Depending on where the authorities source the outstanding number, the threshold requirement of (.005 x O/S) would be something on the order of 400,000 shares. That's a pretty big number given that daily volume itself hasn't exceeded 100,000 shares since 6/7. (Volume was notably higher from 6/4 thru 6/7.....I saw no non-tweeted news during that period.)
JBI first appeared on the list on 6/18......I believe that that means that fails first exceeded ~400,000 on 6/11. I believe that those are settlement dates, so the first trade date that included fails that pushed the magic number over 400,000 was 6/8, a day on which volume totaled 71,547 shares. http://ih.advfn.com/p.php?pid=historical&symbol=JBII
Would short trades be represented in that volume total just as any "regular" trades would be?

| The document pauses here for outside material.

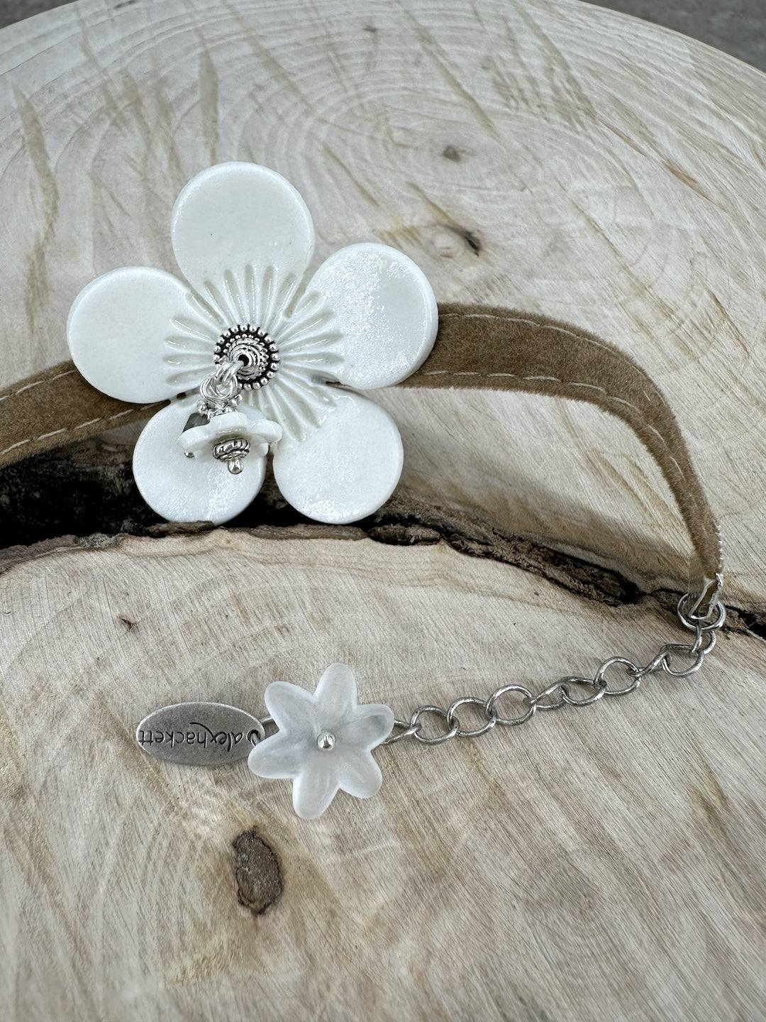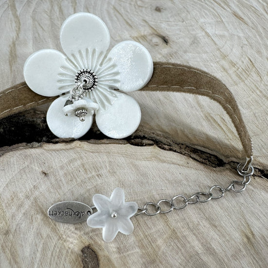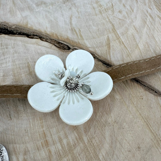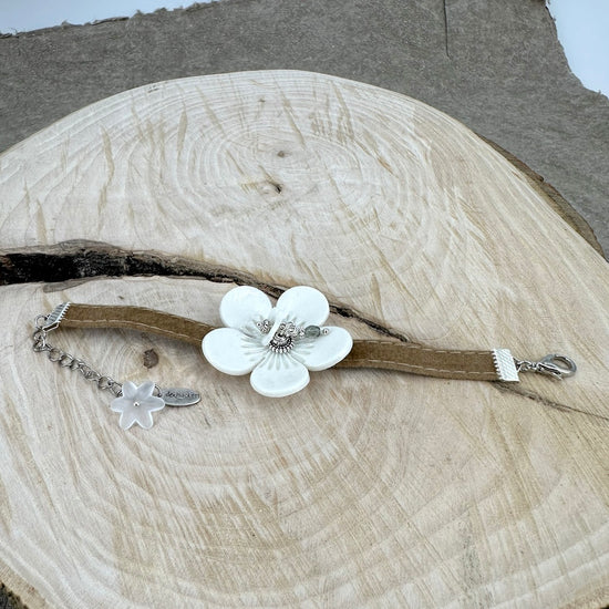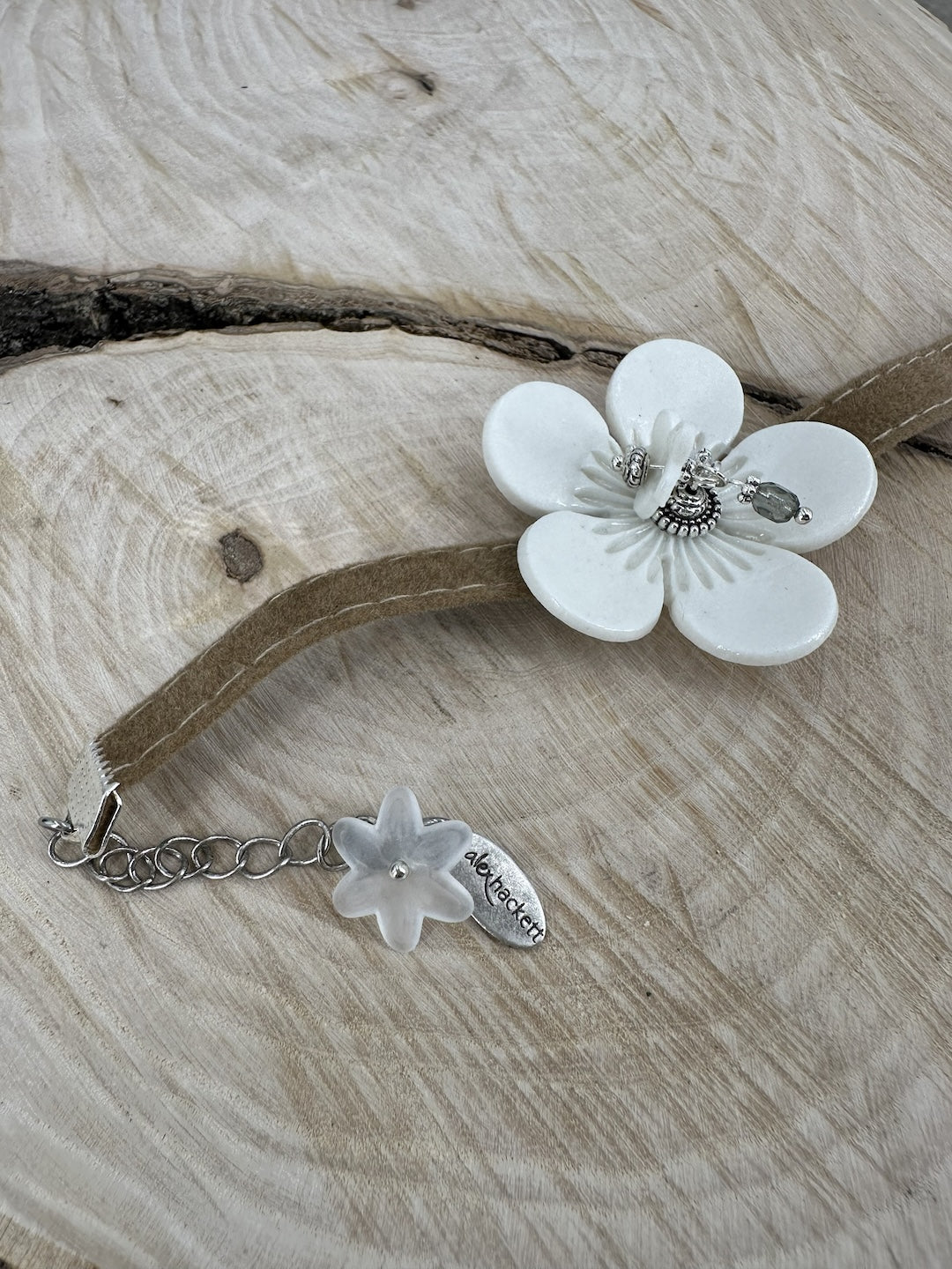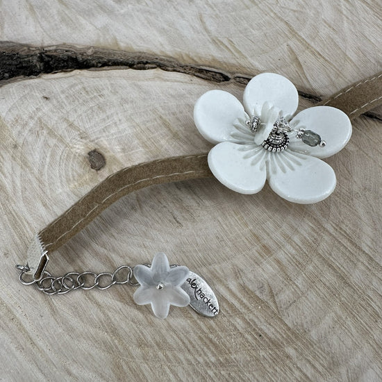 Velvet bracelet with curved porcelain flower

Related to an earlier post: I've heard reports that certain companies have failed to provide the needed documentation for the removal of a legend with some regularity. In fact this company was sued by a shareholder for such a failure, although I'm not sure whether the suit was successful. Per the 2010 10-K: "In September 2010, an investor filed a lawsuit against the Company for failure to timely remove restrictive legends from his shares in the Company. The outcome of this claim is not determinable at the time of issue of these consolidated financial statements and the costs, if any, will be charged to income in the period(s) in which they are reasonably determinable." There was no mention of the above suit in the subsequent 10-K. I'm guessing that the suit was based on a drop in the pps during the period in which the legends weren't removed, versus a suit to effect the removal of the legends, but I don't know. Anyway, as I understand it, such delays DO occur. Is it typical for a broker to allow the sale of such shares, given that they are aware that the required time period has expired to allow removal of the legend? Or do they typically wait for the proper documentation? Given that this causes a FTD and is presumably a FINRA violation (You are suggesting that this is legal...is it?: "In the case where a client is given the okay to sell prior to the brokerage receiving "clean certs") I would expect the latter, so I'm wondering if you have a sense of the frequency with which this might occur? Is this just a theoretically feasible explanation for JBI's presence on the threshold list, or is it really reasonable to think that a broker would essentially allow a target to be painted on their back this way?